В новом утреннем поднебесье грифы видели лиловые просторы полей, извилистый ход рек с покрытыми зеленью берегами, застывшие заливы и моря лесов. В далеком далеке различали они на излучине реки лодку – раз за разом в бесполезном, ничего не дающем усилии налегали на весла гребцы. Грифы видели дым и знали, что там, где поднимаются блеклые стебельки гари, на проплешинах леса бревенчатые буды; черные от копоти люди переводят там дубовые и липовые стволы на серую пыль. Грифы видели редкие селенья, где ховались под боком у людей коты и собаки, видели жизнью оставленные пожарища. И с непостижимой зоркостью различали за двадцать верст всадника, который все скакал и скакал на месте. Они видели затерянные в лугах тропки и разъезженные шляхи, сторожевые острожки, рвы, частоколы и башни, лесные засеки и вереницы надолбов, видели караульщиков на деревьях и ватагу разбойников, что кралась ложбиной. Они видели одновременно и бредущих по дороге путников и дорогу в сером ее течении и укрытый за стенами город, к которому дорога, теряясь в лесах, приведет. Только грифы и видели, как велика земля и как затеряны на ней люди, зубры, олени, волки, овцы, коровы, зайцы, лисицы, рассеяны, не подозревая друг о друге, но рано или поздно они столкнутся, кто-то сойдется накоротке и уж не разминется.
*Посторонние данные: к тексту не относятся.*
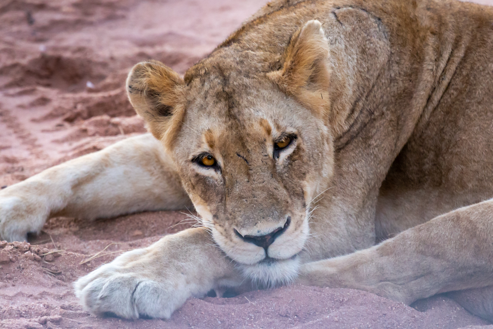 This lioness came quite close to us to inspect. She, too, was not ready to get up and sat back down in front of our vehicle. As long as you stay seated and don’t move, the lions do not perceive a “human” and will ignore you. Trust me when I say when a lion walks adjacent to your vehicle, staying very still is not an issue.
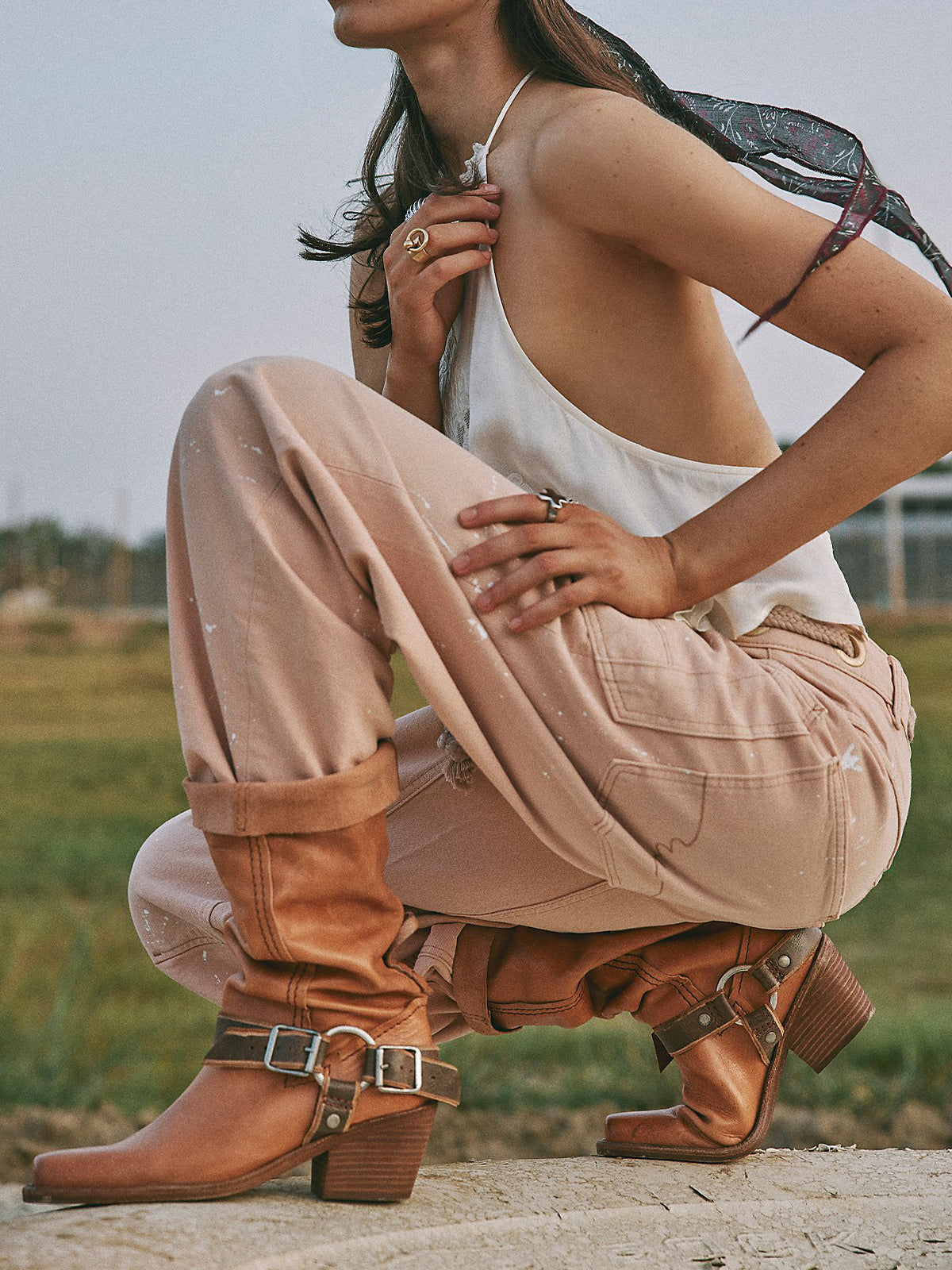 The boots feature a square-toe design, vegan leather material, and spur-inspired buckle details. With a mid-calf length, they are perfect for a cowgirl boot style. Ideal for those who love Western or country-inspired outfits.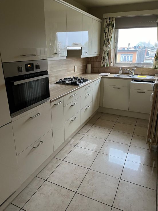 Het appartement zelf bestaat uit een ruime leefruimte met veel lichtinval en beschikt over een automatische zonnewerende screen. 2 slaapkamers waarvan de kleinste toegang geeft tot een terras. De recente keuken beschikt over alle nodige en kwalitatieve toestellen zoals afwasmachine, inductie kookplaat, werkblad, ijskast, diepvries en een combi-oven.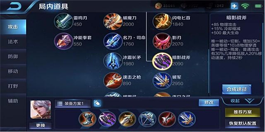 暗影战斧提供85物理攻击,15%冷却缩减,500最大生命和物理穿透,普通攻击有30%几率降低敌方20%移动速度2秒。配合被动能在前中期拥有足够的物理穿透,提供伤害的同时让技能更快冷却。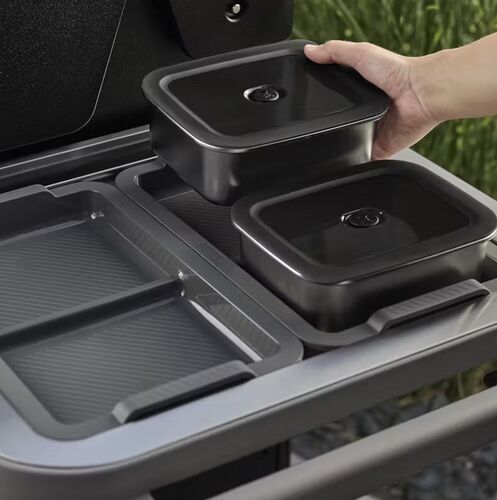 A standout innovation of the Weber Genesis is the Weber Works system integrated into the right side table. This functional system includes a removable lid, rails, and hooks designed to keep your utensils and accessories organized and within easy reach. Effortlessly attach accessories such as a storage bin, cutting boards, or a lamp. A practical and modern solution that optimizes space and enhances your outdoor cooking experience.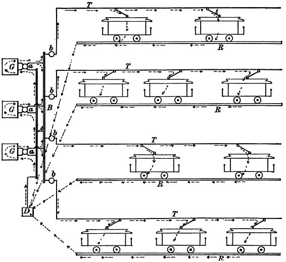 From the trolley wire, through the trolley pole t, to the fixture on top of the car which holds the latter. From this fixture, as shown by the heavy full line, the current passes to a, which is a switch located under the car hood overhanging the platform. From this switch the current passes to a similar one, marked b, located in a like position at the other end of the car. These two switches are called emergency switches; they are provided simply as a safety device, and are used only when the main switches get out of order and the motorman can not turn the current off in the regular way. From the last hood switch b the current passes to411 the bottom of the car, where it enters the wire d d at the point c. This wire d d, as will be seen, runs in both directions, and ends in the stands C C. These latter are the controlling switches, and are provided with a handle h, by means of which the current is turned on or off from the motors, and is directed through them in such a way as to make the car run in whichever direction may be desired. From the controllers C C several wires are run under the car, as shown at e e e. These wires are generally bunched into one or two cables, but they are kept separate from each other by means of strong insulating coverings. Four wires lead into each motor, and three or four into each of the boxes marked G G. If the motors were required to run in one direction only, then two wires would be sufficient to convey the current to them; but as they have to run in either direction, at least three wires are necessary, but in almost every case four are used, as the results obtained thereby are more satisfactory. The boxes G G are called rheostats, and are simply devices through which the current is run so as to reduce the speed of the car, and also for the purpose of graduating the strength of the current that passes through the motors in the act of starting. These rheostats are very seldom in use when the car is in motion, because it is a waste of power to pass the current through them. After the current has passed through the motors it enters the ironwork, and thus gets into the car wheels and finally to the track.

Это произойдет.
Не много видели путники, ничего, кроме всхолмленного буро-лилового безбрежья, и, лишь когда одолели долгий пологий подъем, стала открываться им широкая долина заросшей кудрявым тальником речушки. Засеянные поля по всей долине распахивались, надо полагать, наездом. В страдную пору тут от реки до леса бывало людно, а сейчас никого. С гудением шныряли предоставленные сами себе пчелы, раскинутая на большом пространстве открылась похожая на большое село пасека.
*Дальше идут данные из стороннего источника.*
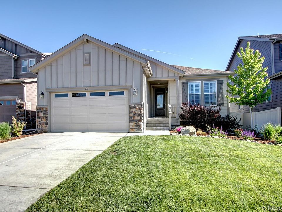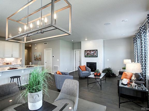 Introducing the epitome of luxurious living nestled in the heart of Stone Creek Ranch: the crown jewel of the community, the former model home that exudes elegance and comfort at every turn. Boasting a spacious layout with 4 bedrooms and 3 bathrooms, this ranch-style abode offers unobstructed vistas from the backyard, showcasing the serene beauty of Cherry Creek Open Space that is due to not be built. Step inside to be greeted by airy 9' ceilings, leading to a primary suite that redefines relaxation with its walk-in closet and en-suite featuring double sinks. The kitchen is a chef's dream, adorned with granite countertops, an island, and 42" Timberlake Tahoe cabinets, complemented by a gas stove for culinary adventures. A den at the front of the home provides the perfect space for work or leisure, while the convenience of main-level laundry adds to the ease of living. Descend to the sprawling finished basement, complete with a vast living area, a bedroom with egress window, and a guest bathroom, offering endless possibilities for entertainment and relaxation. Additional features include a radon mitigation system, humidifier, and a gas line for barbecue, all added post-builder for utmost convenience. With Energy Star certification, this home not only embodies luxury but also prioritizes efficiency and sustainability. Don't miss the opportunity to make this unparalleled residence your own sanctuary in Stone Creek Ranch.

Оглядываясь с подспудной тревогой – следы человеческой деятельности лишь подчеркивали неестественное безмолвие этих мест, – Мезеня крепко огрел задумавшуюся в оглоблях лошадку:
– Ты у меня научишься рысью бегать! Даром, что хромая!
Лошадь рванулась, но тотчас же, возвратилась к привычному шагу. Колеса вязли, разбитая дорога вихляла в грязных песках, разрытых сотнями копыт и ног, – вчера вечером здесь прошел обоз.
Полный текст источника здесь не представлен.